Which lines run from the one containing "二字熟語「藁婚」手書き書道色紙額/受注後の毛筆直筆" to the end of the listing below? Write them out exactly, both ends included, with nothing else.

## [EXTRACTED ENTRIES]
↓↓↓

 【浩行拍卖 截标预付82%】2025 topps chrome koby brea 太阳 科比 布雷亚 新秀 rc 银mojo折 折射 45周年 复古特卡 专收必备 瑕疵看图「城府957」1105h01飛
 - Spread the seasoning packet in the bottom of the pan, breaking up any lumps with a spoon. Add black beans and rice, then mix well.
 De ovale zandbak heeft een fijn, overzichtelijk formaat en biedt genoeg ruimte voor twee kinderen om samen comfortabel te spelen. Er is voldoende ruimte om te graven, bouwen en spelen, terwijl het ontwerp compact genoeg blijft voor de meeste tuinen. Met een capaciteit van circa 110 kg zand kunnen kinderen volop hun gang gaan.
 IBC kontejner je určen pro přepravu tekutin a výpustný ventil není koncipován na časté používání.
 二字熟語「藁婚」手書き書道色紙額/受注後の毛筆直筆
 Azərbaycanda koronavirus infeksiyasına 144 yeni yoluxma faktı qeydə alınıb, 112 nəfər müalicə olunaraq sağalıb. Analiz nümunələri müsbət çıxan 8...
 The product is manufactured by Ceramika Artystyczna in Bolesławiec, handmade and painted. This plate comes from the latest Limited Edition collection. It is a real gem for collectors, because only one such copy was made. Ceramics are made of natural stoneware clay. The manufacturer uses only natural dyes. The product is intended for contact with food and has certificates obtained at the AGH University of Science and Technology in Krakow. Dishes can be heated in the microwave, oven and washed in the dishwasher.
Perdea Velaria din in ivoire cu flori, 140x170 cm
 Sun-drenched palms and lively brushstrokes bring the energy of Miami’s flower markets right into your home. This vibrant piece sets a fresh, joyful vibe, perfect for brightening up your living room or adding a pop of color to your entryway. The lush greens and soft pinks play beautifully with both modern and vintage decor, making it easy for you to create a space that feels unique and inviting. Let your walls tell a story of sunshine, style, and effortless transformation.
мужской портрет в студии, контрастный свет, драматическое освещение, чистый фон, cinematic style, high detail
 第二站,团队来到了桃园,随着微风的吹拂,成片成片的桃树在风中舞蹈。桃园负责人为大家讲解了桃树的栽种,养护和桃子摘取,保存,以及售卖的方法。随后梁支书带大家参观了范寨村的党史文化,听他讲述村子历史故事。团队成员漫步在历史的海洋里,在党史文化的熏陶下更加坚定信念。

↑↑↑

## [ANSWER TO THIS EXERCISE]
 二字熟語「藁婚」手書き書道色紙額/受注後の毛筆直筆
 Azərbaycanda koronavirus infeksiyasına 144 yeni yoluxma faktı qeydə alınıb, 112 nəfər müalicə olunaraq sağalıb. Analiz nümunələri müsbət çıxan 8...
 The product is manufactured by Ceramika Artystyczna in Bolesławiec, handmade and painted. This plate comes from the latest Limited Edition collection. It is a real gem for collectors, because only one such copy was made. Ceramics are made of natural stoneware clay. The manufacturer uses only natural dyes. The product is intended for contact with food and has certificates obtained at the AGH University of Science and Technology in Krakow. Dishes can be heated in the microwave, oven and washed in the dishwasher.
Perdea Velaria din in ivoire cu flori, 140x170 cm
 Sun-drenched palms and lively brushstrokes bring the energy of Miami’s flower markets right into your home. This vibrant piece sets a fresh, joyful vibe, perfect for brightening up your living room or adding a pop of color to your entryway. The lush greens and soft pinks play beautifully with both modern and vintage decor, making it easy for you to create a space that feels unique and inviting. Let your walls tell a story of sunshine, style, and effortless transformation.
мужской портрет в студии, контрастный свет, драматическое освещение, чистый фон, cinematic style, high detail
 第二站,团队来到了桃园,随着微风的吹拂,成片成片的桃树在风中舞蹈。桃园负责人为大家讲解了桃树的栽种,养护和桃子摘取,保存,以及售卖的方法。随后梁支书带大家参观了范寨村的党史文化,听他讲述村子历史故事。团队成员漫步在历史的海洋里,在党史文化的熏陶下更加坚定信念。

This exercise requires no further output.